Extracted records
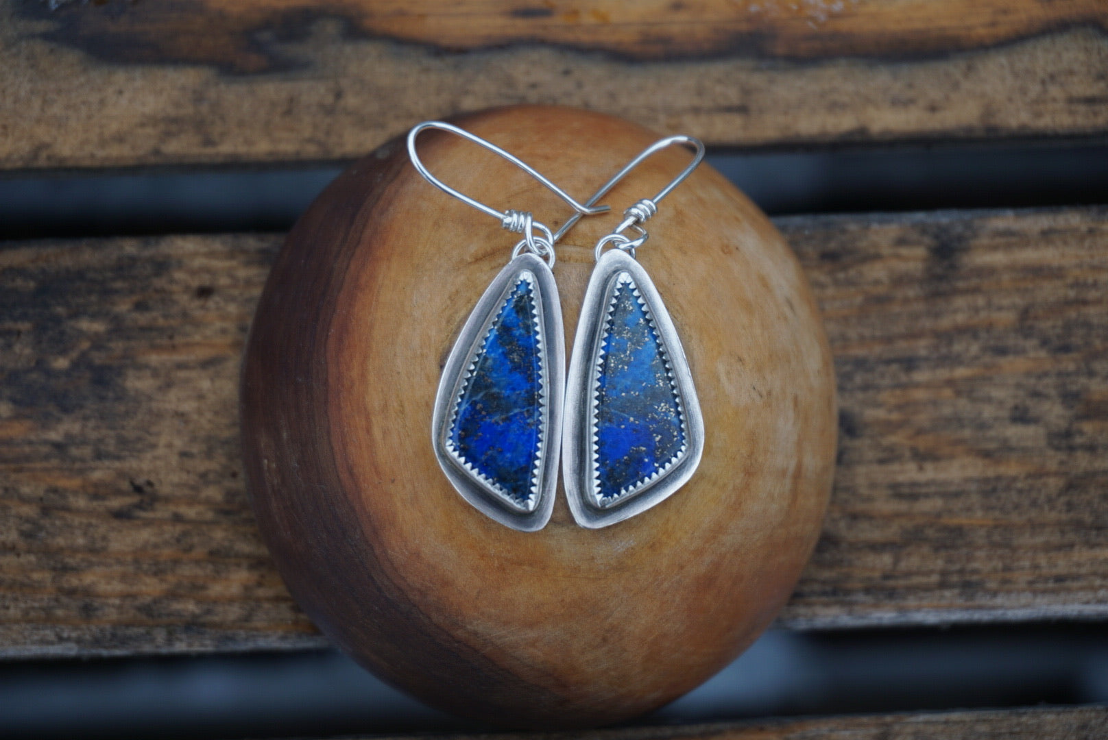 Beautiful pieces of Lapus Lazuli that are dark blue with black and pyrite flecks are simply set in fine and sterling silver and dangle from hand crafted sterling silver earwires. Earrings measure just about 2 inches in length from the top of the  earwires the tip of the stone. The absolute perfect earrings for everyday.
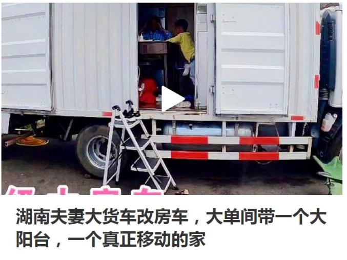 日前,一条《湖南夫妻大货车改房车,大单间带一个大阳台,一个真正移动的家》的网络视频引起了交警部门的注意。视频显示,一名长沙车主将自己的箱式货车改造成了房车,并带着家人驾车外出旅游。
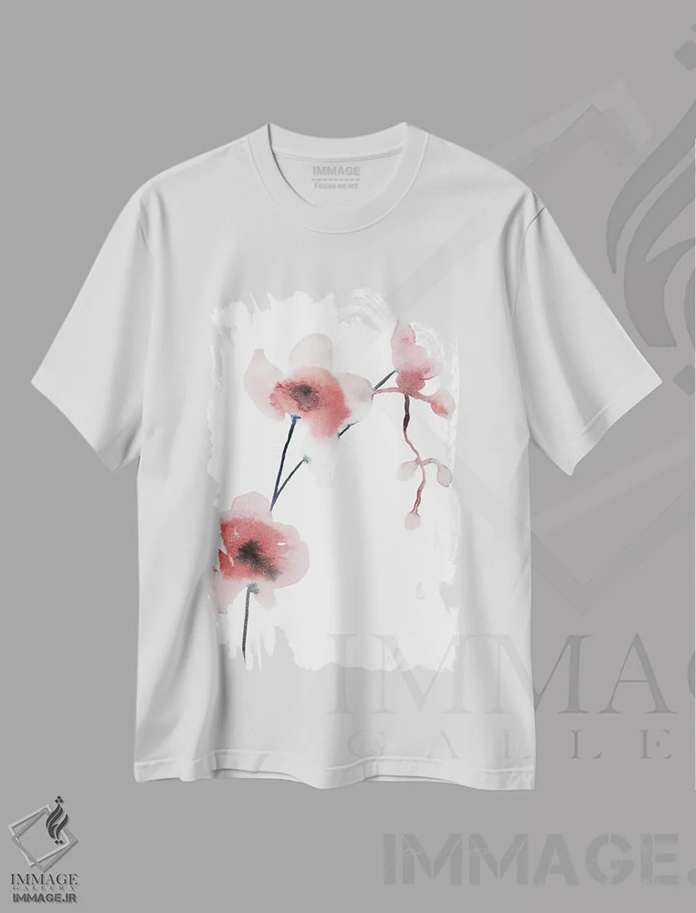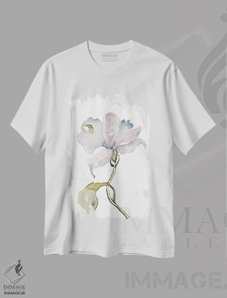 تیشرت سفید طرح دار شقایق شمارهٔ ۴، هنر فاخر معاصر اثر الیزابت بکر | فروشگاه ایماژ تیشرت طرح دار شقایق شمارهٔ اثر الیزابت بکر
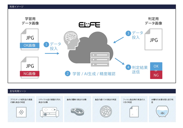 ELFEは判別モデルを自動開発する技術「Evolutional Learning for Feature Extraction」を採用した画像判別AIソリューションです。ソニー独自開発技術により、一般的な開発手法と比較して1/100程度の教師データでのAI開発を実現します。またデータをアップロードするだけでAIを自動生成できるため、AI初学者の方でもノーコードで開発が可能です。画像のほかセンサーデータや音データの利用、最適なアルゴリズムや利用環境の選択が可能で、外観検査や異常検知など業種を問わず様々な課題に対応します。
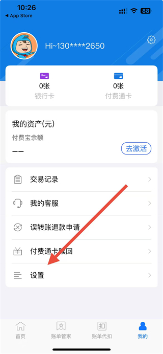 1、打開付費(fèi)通app,在我的頁(yè)面點(diǎn)擊設(shè)置選項(xiàng),進(jìn)入設(shè)置頁(yè)面。
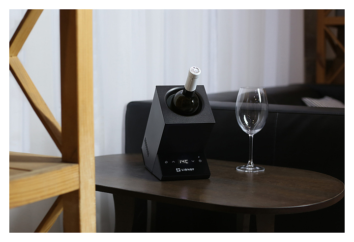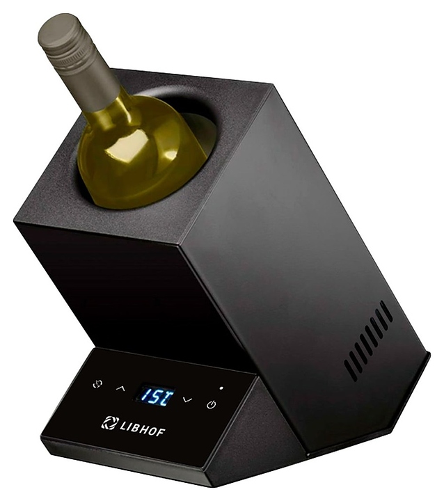Охладитель Libhof BC-1 Black предназначен для хранения предварительно охлажденного бутилированного вина различных сортов и других напитков при оптимальных условиях в барах, ресторанах, а также домашних условиях. Модель оснащена расположенной под углом холодильной камерой и панелью управления с цифровым дисплеем. Корпус выполнен из металла с покрытием черного цветаи пластика. В комплект поставки входят 2 адаптера питания (12 и 220 В) и инструкция по эксплуатации. Особенности:
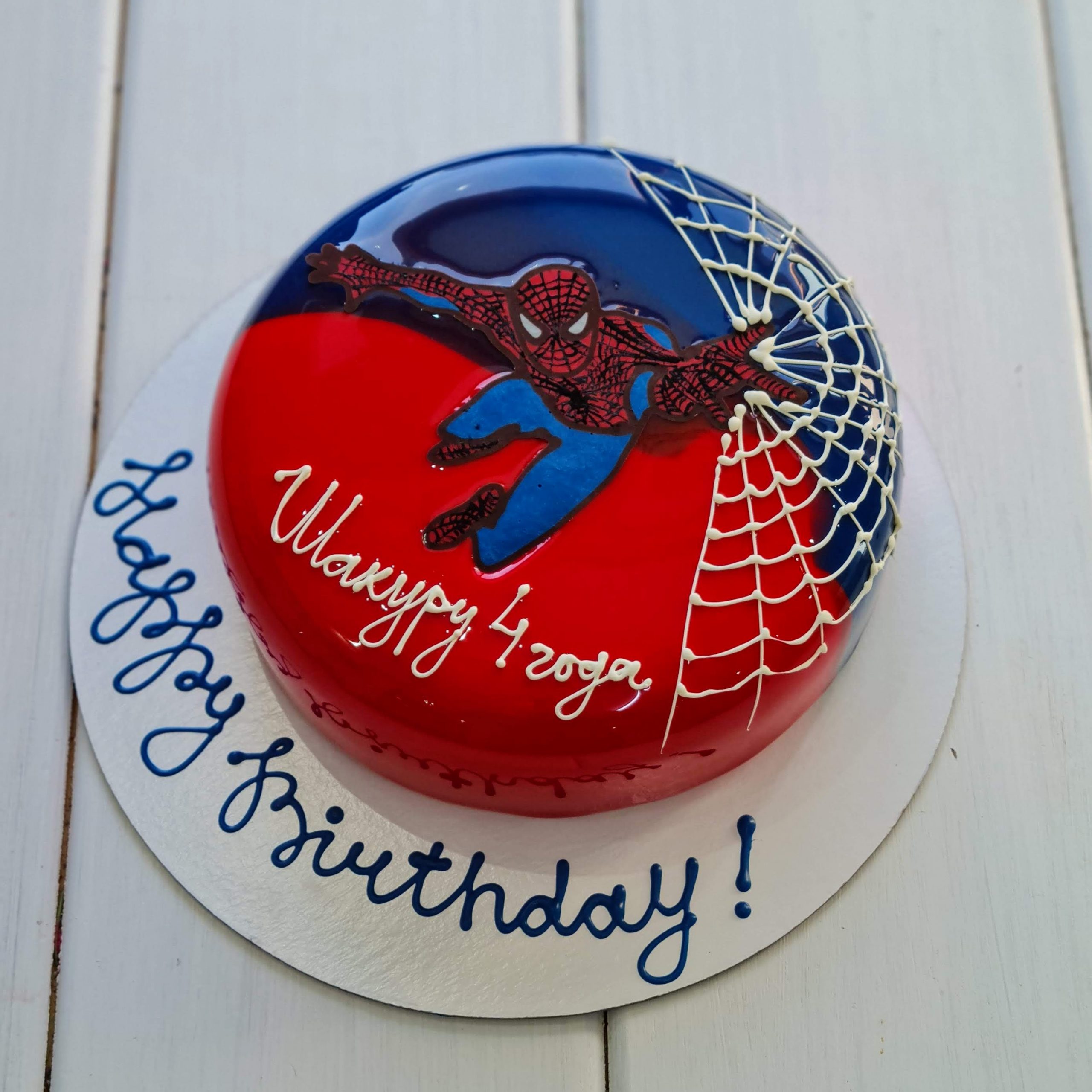 Эффектный торт с мраморным покрытием с надписью и шоколадными цифрами
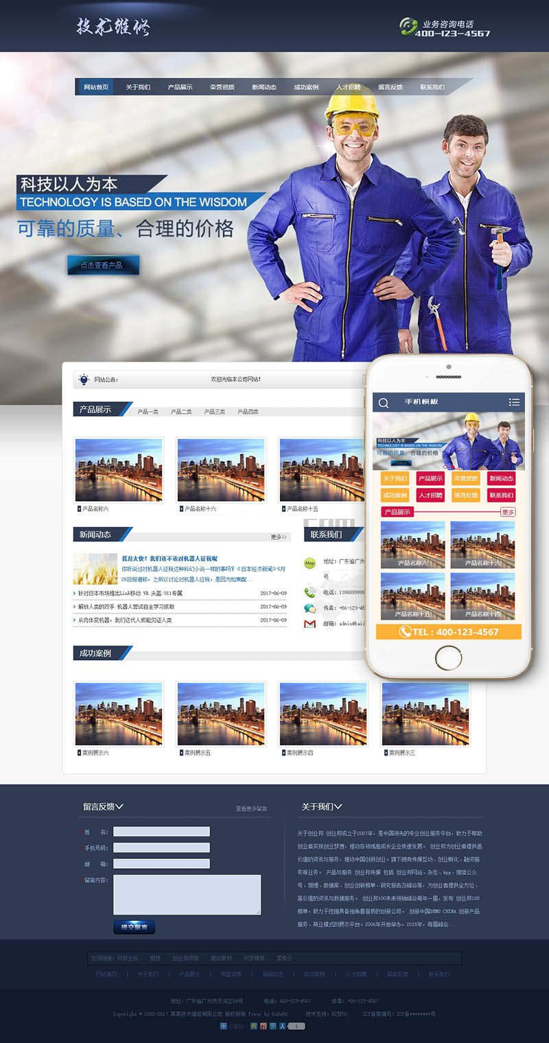 织梦最新内核开发的模板,该模板属于企业通用类、各类家电维修、电子机械设备维修类企业都可使用,

PROBLEM TO SOLVE:
An exact copy of every record above is needed, with all pictures left out.

RESULT OF THE EXERCISE:
 Beautiful pieces of Lapus Lazuli that are dark blue with black and pyrite flecks are simply set in fine and sterling silver and dangle from hand crafted sterling silver earwires. Earrings measure just about 2 inches in length from the top of the  earwires the tip of the stone. The absolute perfect earrings for everyday.
 日前,一条《湖南夫妻大货车改房车,大单间带一个大阳台,一个真正移动的家》的网络视频引起了交警部门的注意。视频显示,一名长沙车主将自己的箱式货车改造成了房车,并带着家人驾车外出旅游。
 تیشرت سفید طرح دار شقایق شمارهٔ ۴، هنر فاخر معاصر اثر الیزابت بکر | فروشگاه ایماژ تیشرت طرح دار شقایق شمارهٔ اثر الیزابت بکر
 ELFEは判別モデルを自動開発する技術「Evolutional Learning for Feature Extraction」を採用した画像判別AIソリューションです。ソニー独自開発技術により、一般的な開発手法と比較して1/100程度の教師データでのAI開発を実現します。またデータをアップロードするだけでAIを自動生成できるため、AI初学者の方でもノーコードで開発が可能です。画像のほかセンサーデータや音データの利用、最適なアルゴリズムや利用環境の選択が可能で、外観検査や異常検知など業種を問わず様々な課題に対応します。
 1、打開付費(fèi)通app,在我的頁(yè)面點(diǎn)擊設(shè)置選項(xiàng),進(jìn)入設(shè)置頁(yè)面。
Охладитель Libhof BC-1 Black предназначен для хранения предварительно охлажденного бутилированного вина различных сортов и других напитков при оптимальных условиях в барах, ресторанах, а также домашних условиях. Модель оснащена расположенной под углом холодильной камерой и панелью управления с цифровым дисплеем. Корпус выполнен из металла с покрытием черного цветаи пластика. В комплект поставки входят 2 адаптера питания (12 и 220 В) и инструкция по эксплуатации. Особенности:
 Эффектный торт с мраморным покрытием с надписью и шоколадными цифрами
 织梦最新内核开发的模板,该模板属于企业通用类、各类家电维修、电子机械设备维修类企业都可使用,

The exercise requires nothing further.